Saved 'order_items' to 'cleaned_data/order_items.csv'
Saved 'customers' to 'cleaned_data/customers.csv'
Saved 'stores' to 'cleaned_data/stores.csv'
Saved 'stocks' to 'cleaned_data/stocks.csv'
Saved 'brands' to 'cleaned_data/brands.csv'
Saved 'orders' to 'cleaned_data/orders.csv'
Saved 'products' to 'cleaned_data/products.csv'
Saved 'staffs' to 'cleaned_data/staffs.csv'
Saved 'categories' to 'cleaned_data/categories.csv'


## Save cleaned dataframes to sql

### Subtask:
Connect to a SQL database (or create one if it doesn't exist) and iterate through the cleaned dataframes using their assigned names (e.g., `customers`, `products`, `brands`), saving each one as a separate table in the database with the corresponding name.


In [34]:
import sqlite3

# Connect to the SQLite database (creates it if it doesn't exist)
conn = sqlite3.connect('cleaned_data.db')

# List of cleaned dataframes
cleaned_dataframes = ['order_items', 'customers', 'stores', 'stocks', 'brands', 'orders', 'products', 'staffs', 'categories']
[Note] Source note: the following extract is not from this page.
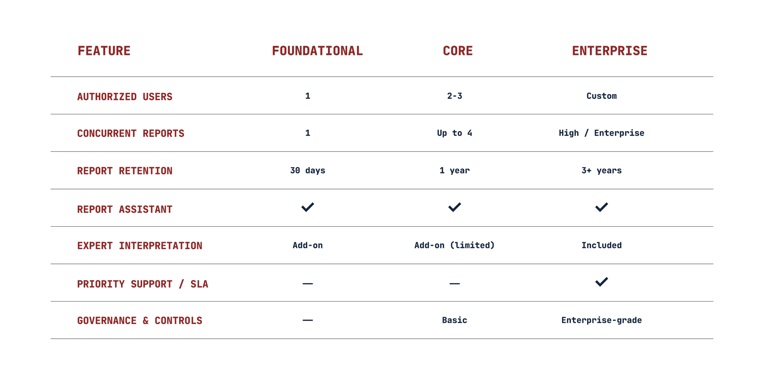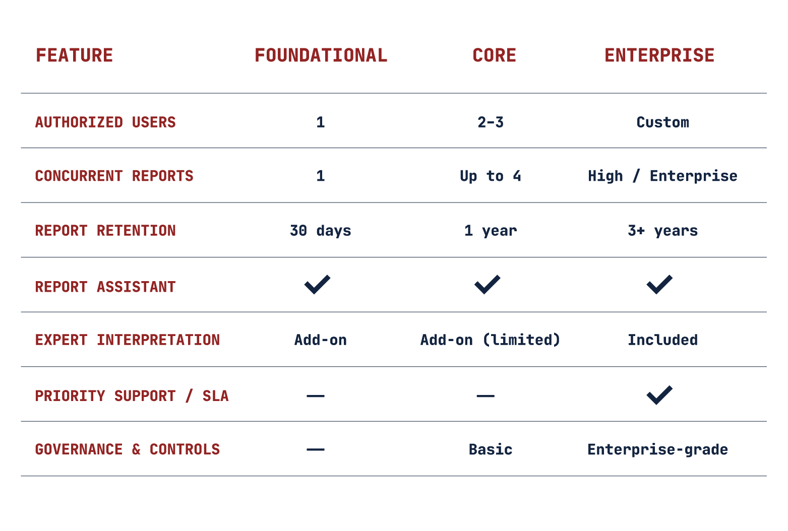 Expert interpretation — Deep contextual help with understanding platform results (included at Enterprise; available as add-on for Core/Foundational

# Iterate through the dataframes and save them as tables in the database
for dataframe_name in cleaned_dataframes:
    df = globals()[dataframe_name]
    df.to_sql(name=dataframe_name, con=conn, if_exists='replace', index=False)

# Close the database connection
conn.close()

print("Cleaned dataframes saved to 'cleaned_data.db' SQL database.")
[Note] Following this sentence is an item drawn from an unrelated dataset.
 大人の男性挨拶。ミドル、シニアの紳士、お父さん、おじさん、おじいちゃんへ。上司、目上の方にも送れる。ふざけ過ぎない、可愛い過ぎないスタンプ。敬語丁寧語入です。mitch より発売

Cleaned dataframes saved to 'cleaned_data.db' SQL database.


## Project Report: Data Extraction, Cleaning, and Saving

This report summarizes the process of extracting, cleaning, and saving data files from the archive located at "/content/drive/MyDrive/Colab Notebooks/archive (15)".

**1. Data Extraction:**
- The process began by accessing the specified folder and identifying the data files within it.
- The first 9 files in the folder were loaded into separate pandas DataFrames, named `df1` through `df9`.
- The loaded dataframes were then assigned to more descriptive variable names such as `order_items`, `customers`, `stores`, `stocks`, `brands`, `orders`, `products`, `staffs`, and `categories`.

**2. Data Cleaning:**
- Data cleaning was performed on several of the loaded dataframes to handle missing values and inconsistencies:
    - **`orders` DataFrame:** Missing values in the `shipped_date` column were imputed using the forward fill method after converting the date columns to datetime objects.
    - **`customers` DataFrame:** Leading and trailing whitespace was removed from string columns (`first_name`, `last_name`, `phone`, `email`, `street`, `city`, `state`). Columns with a high percentage of missing values (specifically the 'phone' column) were dropped.
    - **`staffs` DataFrame:** Missing values in the `manager_id` column were imputed using a placeholder value (0). An alternative method of filling with the mode was also presented.
- Other dataframes (`order_items`, `stores`, `stocks`, `brands`, `products`, and `categories`) were inspected and found to have no significant issues requiring cleaning based on the performed checks.

**3. Data Saving:**
- The cleaned dataframes were saved in two different formats:
    - **CSV Files:** Each cleaned dataframe was saved as a separate CSV file in a newly created directory named `cleaned_data`. The files were named according to their corresponding dataframe names (e.g., `customers.csv`, `orders.csv`).
    - **SQL Database:** The cleaned dataframes were also saved as separate tables in a SQLite database named `cleaned_data.db`. Each dataframe became a table with the same name within the database.

**Summary:**

The project successfully extracted data from the provided archive, performed necessary cleaning steps on the individual dataframes to handle missing values and inconsistencies, and saved the cleaned data in both CSV and SQL formats. The cleaned and structured data is now readily available for further analysis, visualization, or integration into other systems.